Kevin Berry OAM

Personal information
- Full name: Kevin John Berry
- National team: AUS
- Born: 10 April 1945 Sydney
- Died: 7 December 2006 (aged 61) Sydney
- Height: 1.72 m (5 ft 8 in)
- Weight: 71 kg (157 lb)

Sport
- Sport: Swimming
- Strokes: Butterfly, medley
- Coach: Eric Hayes, Don Talbot

Medal record
Men's swimming
Representing Australia
Olympic Games
| Gold medal – first place | 1964 Tokyo | 200 m butterfly |
| Bronze medal – third place | 1964 Tokyo | 4×100 m medley relay |
British Empire and Commonwealth Games
| Gold medal – first place | 1962 Perth | Men's 110 yd Butterfly |
| Gold medal – first place | 1962 Perth | Men's 220 yd Butterfly |
| Gold medal – first place | 1962 Perth | Men's 4x 110 yd Medley Relay |

= Kevin Berry =

Australian swimmer (1945–2006)

Kevin John Berry OAM (10 April 1945 – 7 December 2006) was an Australian butterfly swimmer of the 1960s who won the gold medal in the 200-metre butterfly at the 1964 Summer Olympics in Tokyo. He set twelve world records in his career.

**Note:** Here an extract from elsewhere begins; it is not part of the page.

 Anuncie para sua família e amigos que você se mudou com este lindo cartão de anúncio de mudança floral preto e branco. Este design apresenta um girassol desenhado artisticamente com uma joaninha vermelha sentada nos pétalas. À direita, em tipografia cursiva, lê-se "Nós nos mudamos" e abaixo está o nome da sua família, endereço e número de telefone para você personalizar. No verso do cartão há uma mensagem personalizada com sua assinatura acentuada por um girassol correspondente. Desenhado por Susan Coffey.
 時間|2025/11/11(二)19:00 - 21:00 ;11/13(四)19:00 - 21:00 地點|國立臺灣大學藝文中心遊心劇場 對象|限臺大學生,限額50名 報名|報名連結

After his retirement from swimming, he became the pictorial editor of The Sydney Morning Herald and later the head of ABC Sport.

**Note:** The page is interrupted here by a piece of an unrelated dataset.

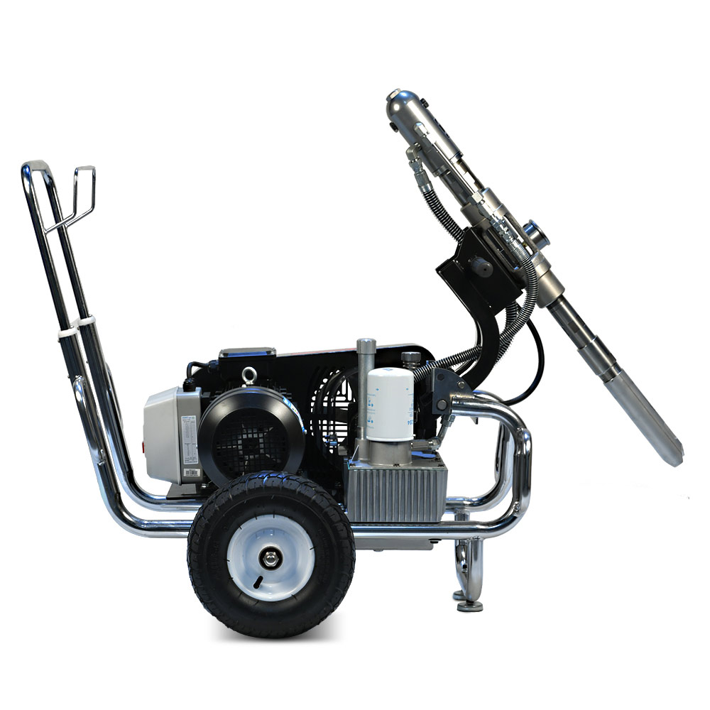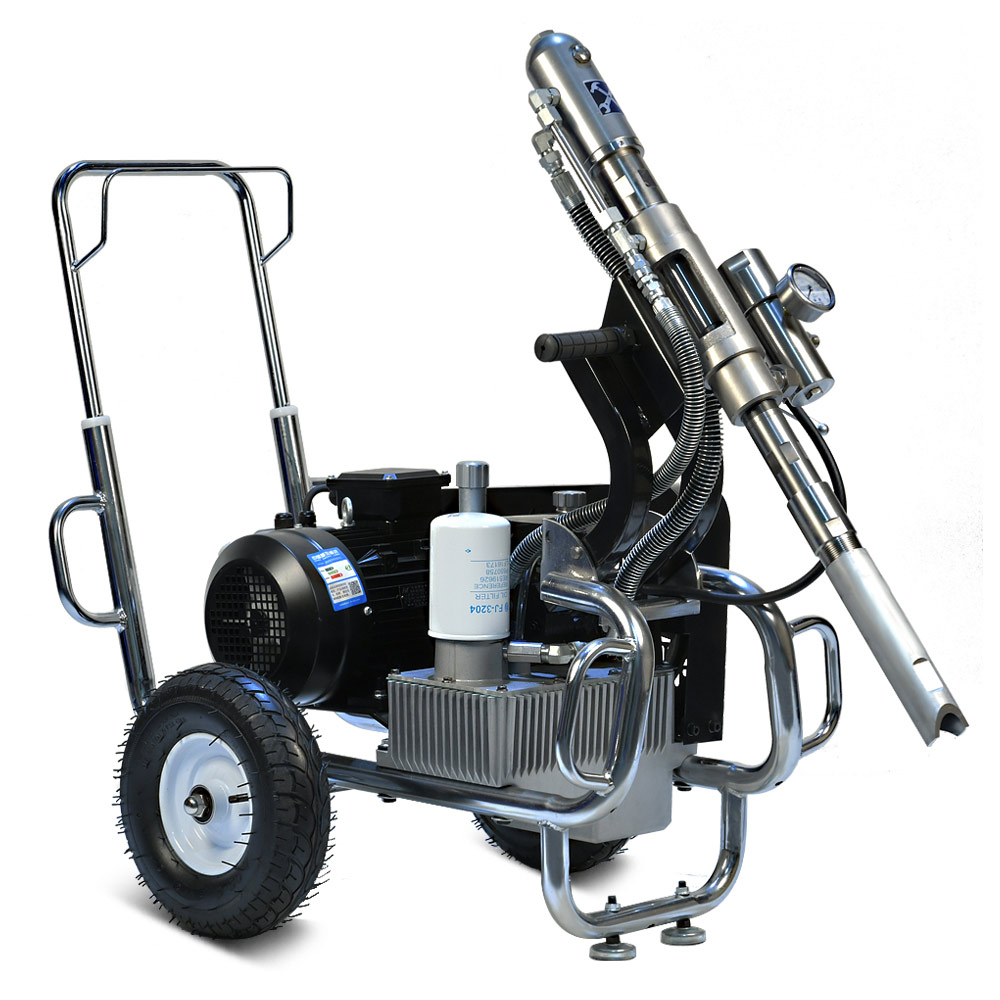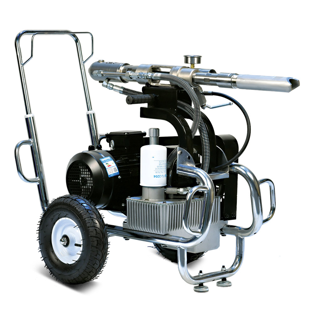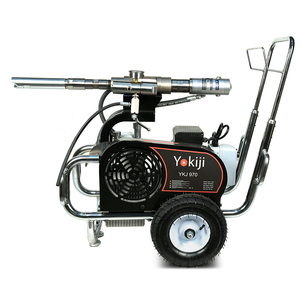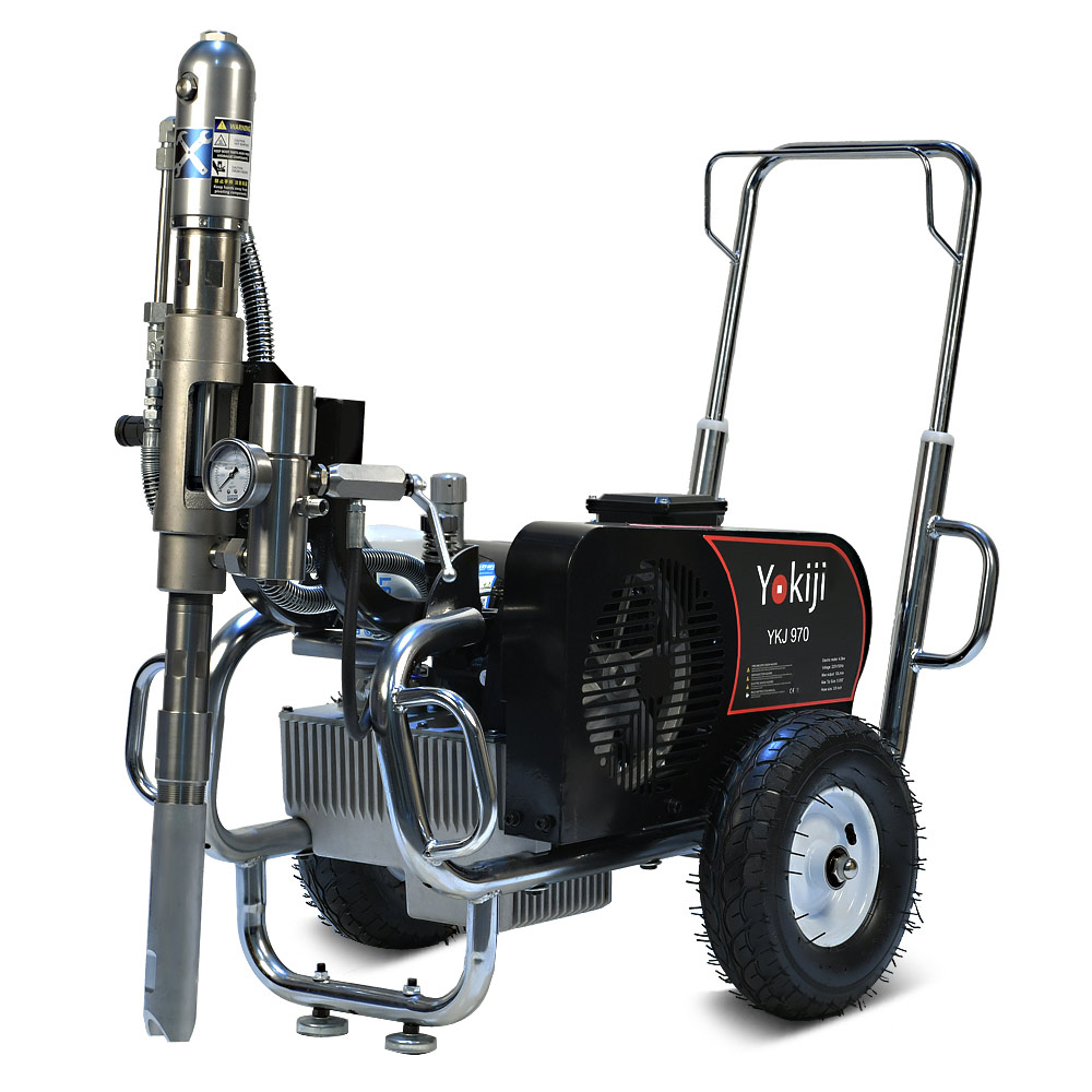 YOKIJI YKJ 970 – гидропоршневой безвоздушный электрический окрасочный аппарат. Он может применяться для распыления материалов с высокой, средней и низкой вязкости: красок, эмалей, шпаклевок, огнезащитных, гидроизоляционных, антикоррозийных и цинконаполненных составов, мастик, грунтовок. Аппарат используется на стройплощадка при отделке помещений, зданий и сооружений, а также на производствах при покраске больших конструкций. Модель работает от розетки 220B и обладает высокой производительностью (10 л/мин); позволяет присоединять до 3 малярных постов и подавать материал на высоту до 90 метров.

== Early life and education ==
Berry, the second of seven children, was born in Sydney and grew up in the western suburb of Marrickville, in a family with no prior sporting background. His father Frederick had arrived in Australia in the 1920s and had worked as a bar manager to support the family. He was taught to swim by his elder sister Colleen along with his younger siblings at Botany Bay. His younger brother Paul was a promising youth swimmer who defeated dual Olympic gold medallist Michael Wenden, and later became a professional rugby league footballer. Berry was educated at De La Salle College, and represented the school in athletics and rugby league, with moderate success.

==Career==
Berry joined the Pyrmont Club, which trained at Victoria Park Swimming Pool, under Eric Hayes, and swam from 1956 until 1958 as a freestyler, with reasonable age group success. In 1958 he won a butterfly race, and despite winning more races, Hayes did not think that he was suited to butterfly. Berry switched coaches to Don Talbot, training at Bankstown, New South Wales by the end of the year.

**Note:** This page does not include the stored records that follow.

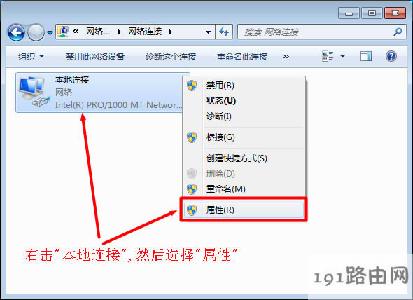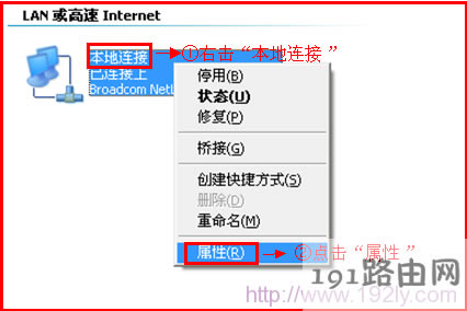 2、鼠標(biāo)右擊“本地連接”—>點(diǎn)擊“屬性”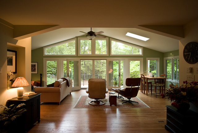 We opened up the house, resulting in 500 additional square feet and lots of natural light. We removed an old deck to make way for a spacious sunroom that transitions into the existing home.
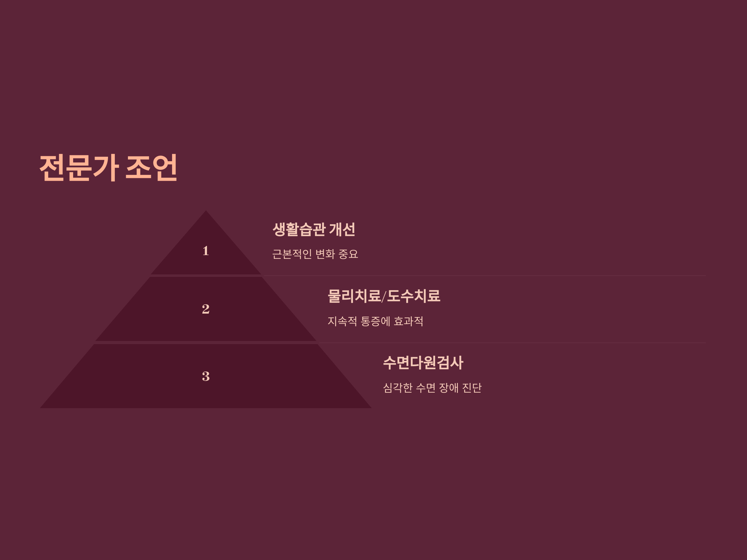 전문가들은 허리 통증이 지속되면 물리치료나 도수치료를 고려하라고 조언합니다. 약물 치료는 일시적인 완화에 그칠 수 있으므로 생활습관을 근본적으로 바꾸는 것이 중요합니다. 또한, 수면 장애가 심각할 경우 수면다원검사를 통해 상태를 정확히 파악하는 것도 필요합니다.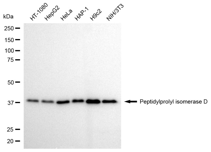 Western blotting analysis using peptidylprolyl isomerase D antibody. Total cell lysates (30 μg) from various cell lines were loaded and separated by SDS-PAGE. The blot was incubated with peptidylprolyl isomerase D antibody and HRP-conjugated goat anti-rabbit secondary antibody respectively.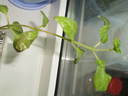 Marlin, Что-то белые точки на листиках- там не белокрылка часом живет? Или качество фото?..Если вредителя нет, то на мой взгляд черенок растет в условиях излишнего тепла и отсутствия нормального освещения.
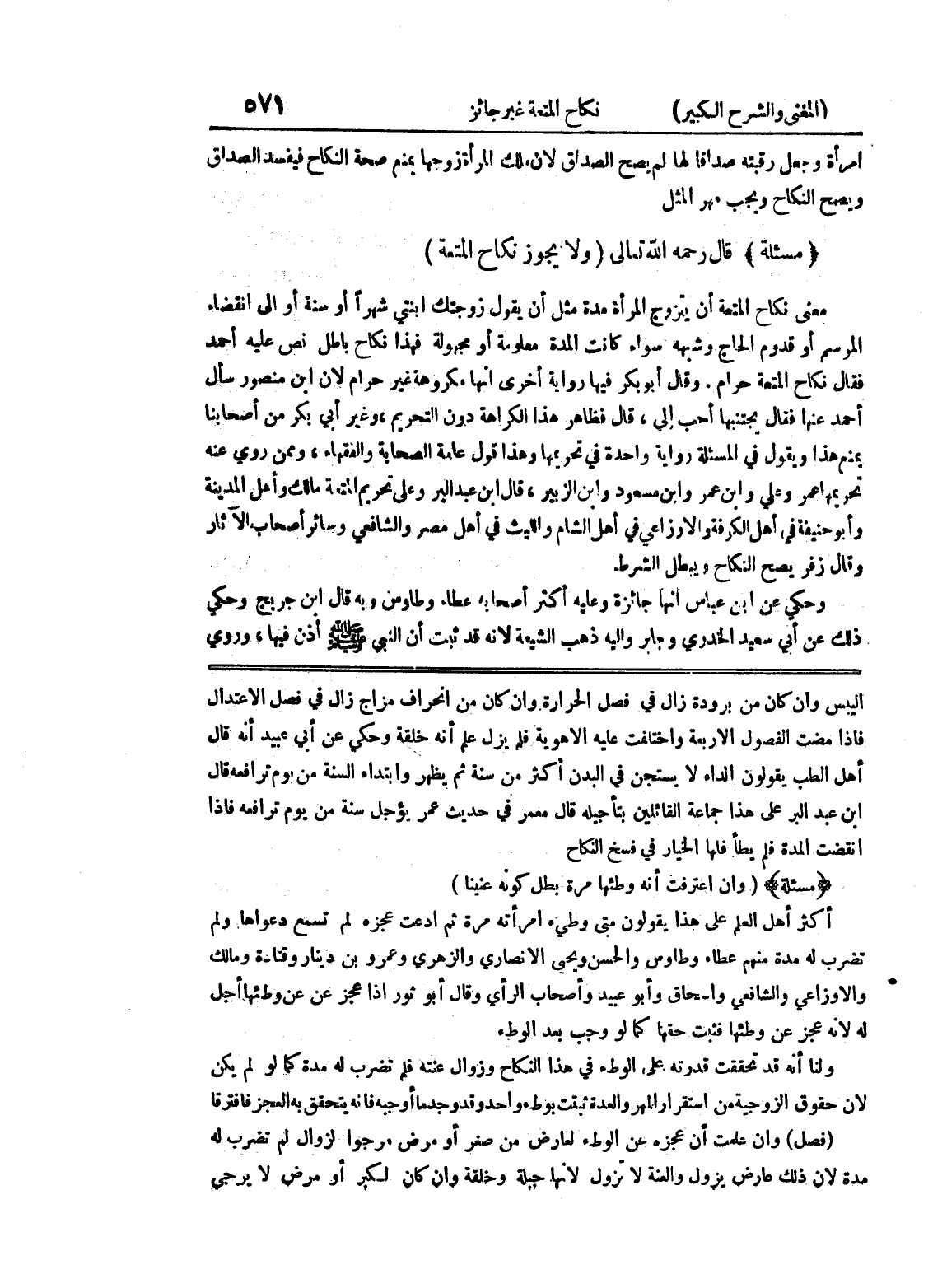 اليبس وإن كان من برودة زال، في فصل الحرارة وإن كان من انحراف مزاج زال في فصل الاعتدال فإذا مضت الفصول الأربعة واختلفت عليه الأهوية فلم يزل علم أنه خلقة وحكي عن أبي عبيد أنه قال أهل الطب يقولون الداء لا يستجن في البدن أكثر من سنة ثم يظهر وابتداء السنة من يوم ترافعه قال ابن عبد البر على هذا جماعة القائلين بتأجيله قال معمر في حديث عمر يؤجل سنة من يوم ترافعه فإذا انضت المدة فلم يطأ فلها الخيار في فسخ النكاح (مسألة) (وأن اعترفت أنه وطئها مرة بطل كونه عنيناً) أكثر أهل العلم على هذا يقولون متى وطئ امرأته مرة ثم ادعت عجزه لم تسمع دعواها ولم تضرب له مدة منهم عطاء وطاوس والحسن ويحيى الانصاري والزهري وعمرو بن دينار وقتادة ومالك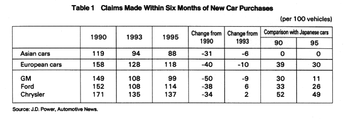 In particular, quality improvements can be attributed not only to the efforts of European automakers, but to the development of local venders by Japanese automakers, and to local production by Japanese parts suppliers. Since 1990, European automakers have closed the quality gap with Japanese and other Asian automakers, and have attained the same level as Ford.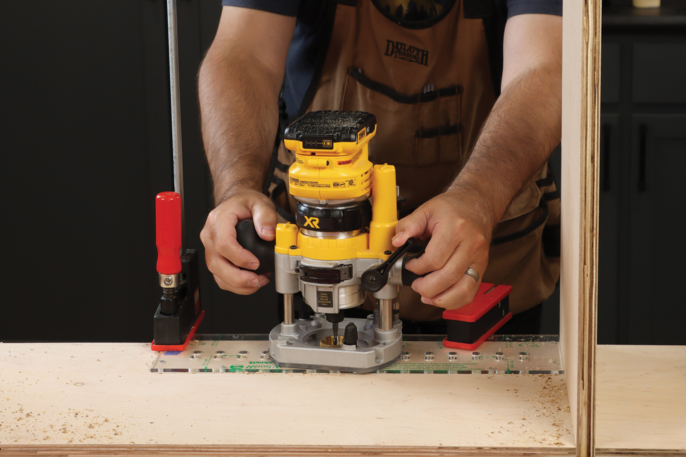 6 Drill the shelf pin holes on the assembled cabinet with a compact plunge router and acrylic template. A 1/4″ spiral upcut bit works best to prevent burning. Once you try this method, you’ll never go back to a drill bit!
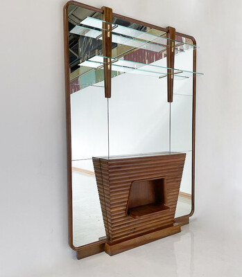 Mid-Century Modern Large Wooden Mirror, Italy, 1960s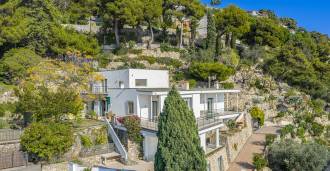 海を望む広々としたリビングルーム、独立したキッチン、貯蔵室、ワインセラー、3つの補助部屋、2台分のガレージ。

In 1959 at the under-14 New South Wales Championships, Berry came first, second and third in the breaststroke, backstroke and butterfly respectively. Talbot encouraged him, predicting that he would do well the following year. Berry's parents were surprised when Talbot told them at the end of the year that Berry had a chance of making the 1960 Summer Olympics team for Rome, even though he had never entered an Australian Championship before. At the end of the year, he came second to Neville Hayes, a fellow Talbot swimmer, defeating Harry Turner, who had been expected to be Australia's second butterflier at the Olympics.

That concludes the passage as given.